[Bug]:ZLUDA doesn't use AMD gpu, only runs on CPU. EDIT: speed comparison DirectML, ZLUDA, ROCK fot gfx1201

### Checklist

- [ ] The issue exists after disabling all extensions
- [x] The issue exists on a clean installation of webui
- [ ] The issue is caused by an extension, but I believe it is caused by a bug in the webui
- [x] The issue exists in the current version of the webui
- [ ] The issue has not been reported before recently
- [ ] The issue has been reported before but has not been fixed yet

### What happened?

ZLUDA version uses only CPU. While after patching ROCm to see and use gfx1201 (RX 9070) and setting HIP_VISIBLE_DEVICES=1 env, it still stubbornly runs on CPU only (R7 7700), both gfx1036 and gfx1201 are idle.

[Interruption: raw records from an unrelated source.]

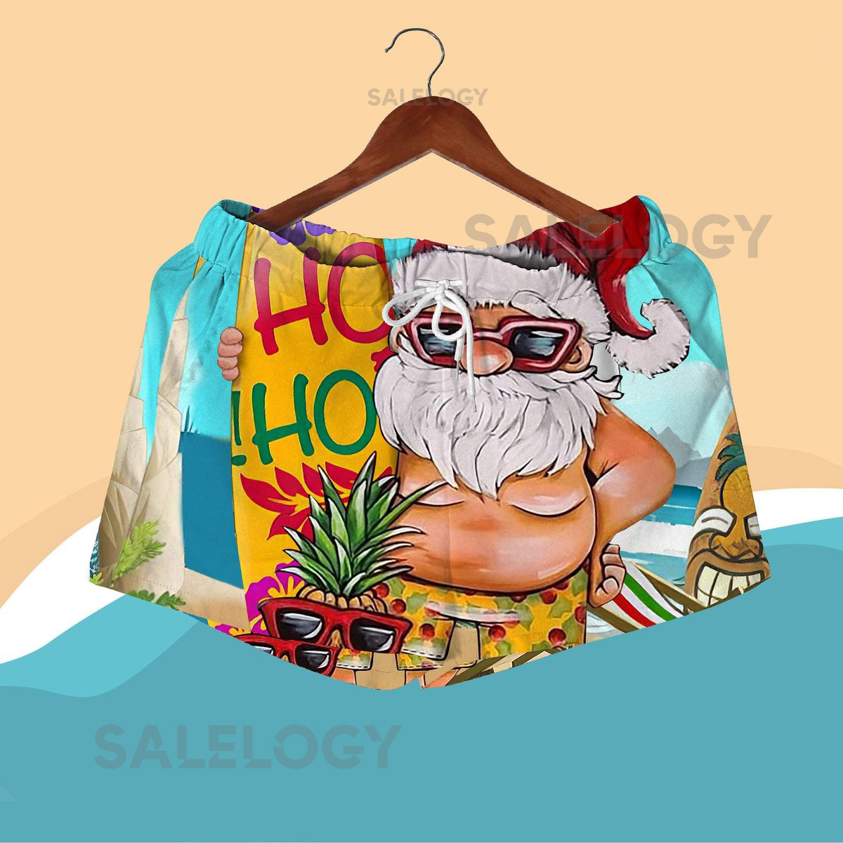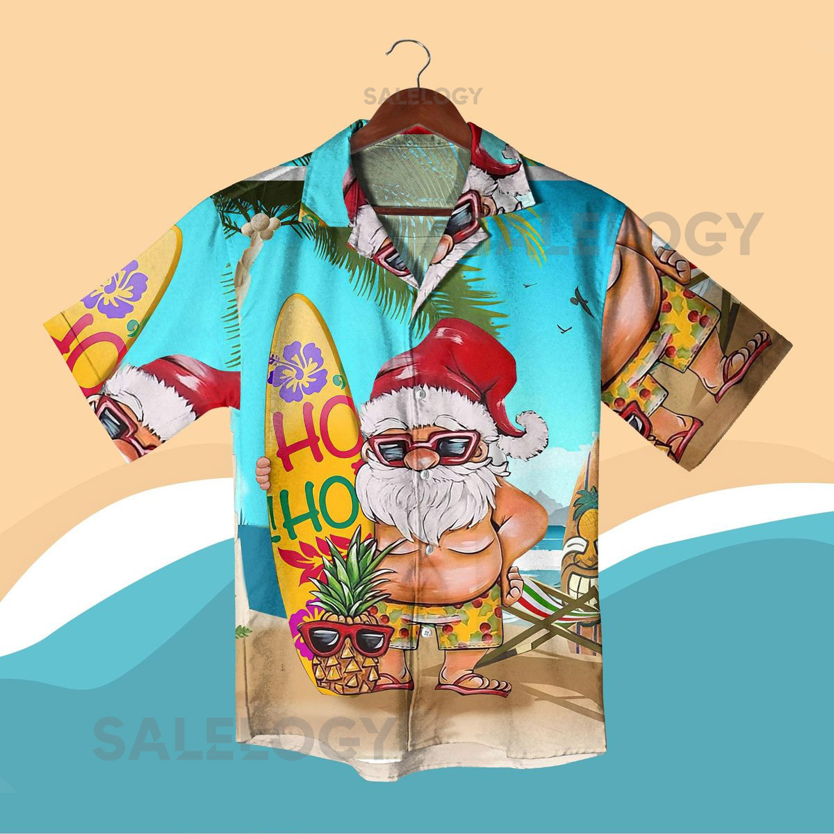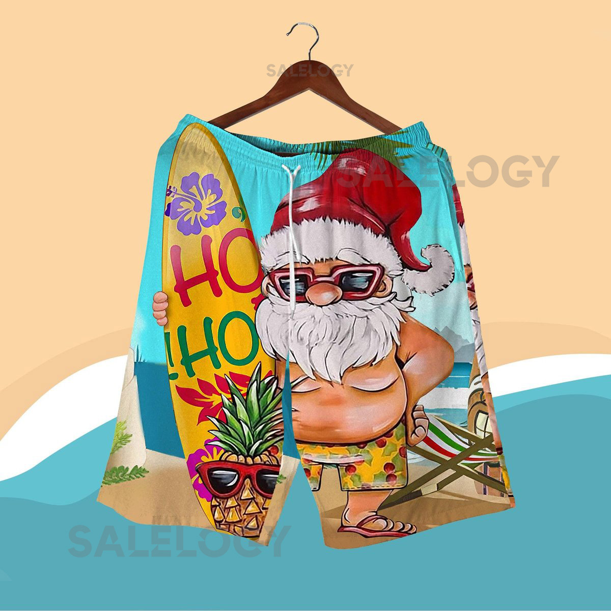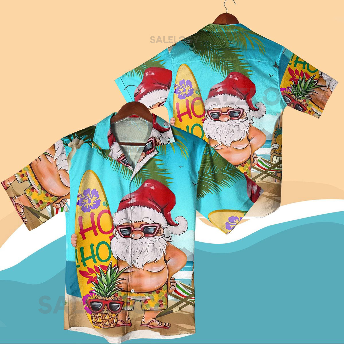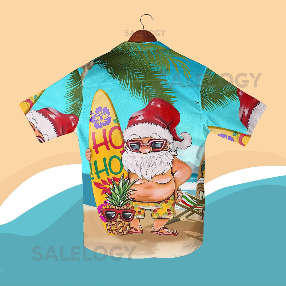 Santa Surfboard Hawaiian Shirt Funny Christmas Beach Outfit Ho Ho Ho Tropical Aloha Shirt and Shorts for Men Women Christmas Shirt Gifts_234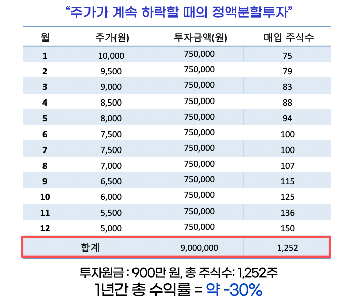하지만, 한꺼번에 주식을 모두 매입했다면 -50%의 수익률을 기록했을 것입니다. 주가가 계속 하락한다면 정액분할투자로도 손실을 피할 수는 없지만, 일시금을 투자한 경우보다는 손실폭을 줄일 수 있습니다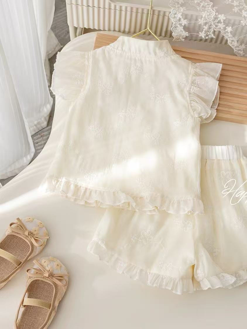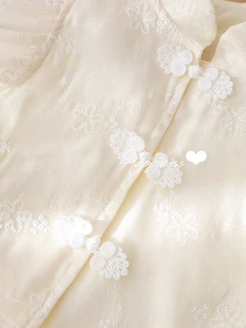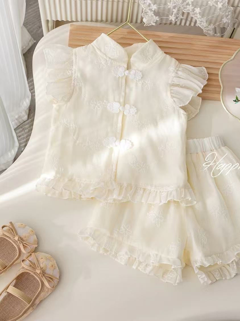【孤品捡漏】(套装)G207女童米色刺绣新中式两件套-喜出
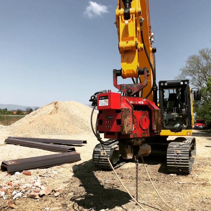 Vibrator može pobijati talpe i profile do 10m dužine. Na zahtjev nudimo i produžetak ruke za bager.

### Steps to reproduce the problem

1. Install clean stable-diffusion-webui-amdgpu
2. Follow instructions from here: https://github.com/CS1o/Stable-Diffusion-Info/wiki/Webui-Installation-Guides#amd-automatic1111-with-zluda
3. Patch ROCm 6.2.4 to use gfx1201 (RX 9070 and 9070XT), method here: https://github.com/IAHispano/Applio/issues/1005#issue-2936981353
4. Launch webui-user.bat with COMMANDLINE_ARGS=--use-zluda --update-check --skip-ort --no-half
5. Start generation. Using win task manager you can see that it uses CPU only.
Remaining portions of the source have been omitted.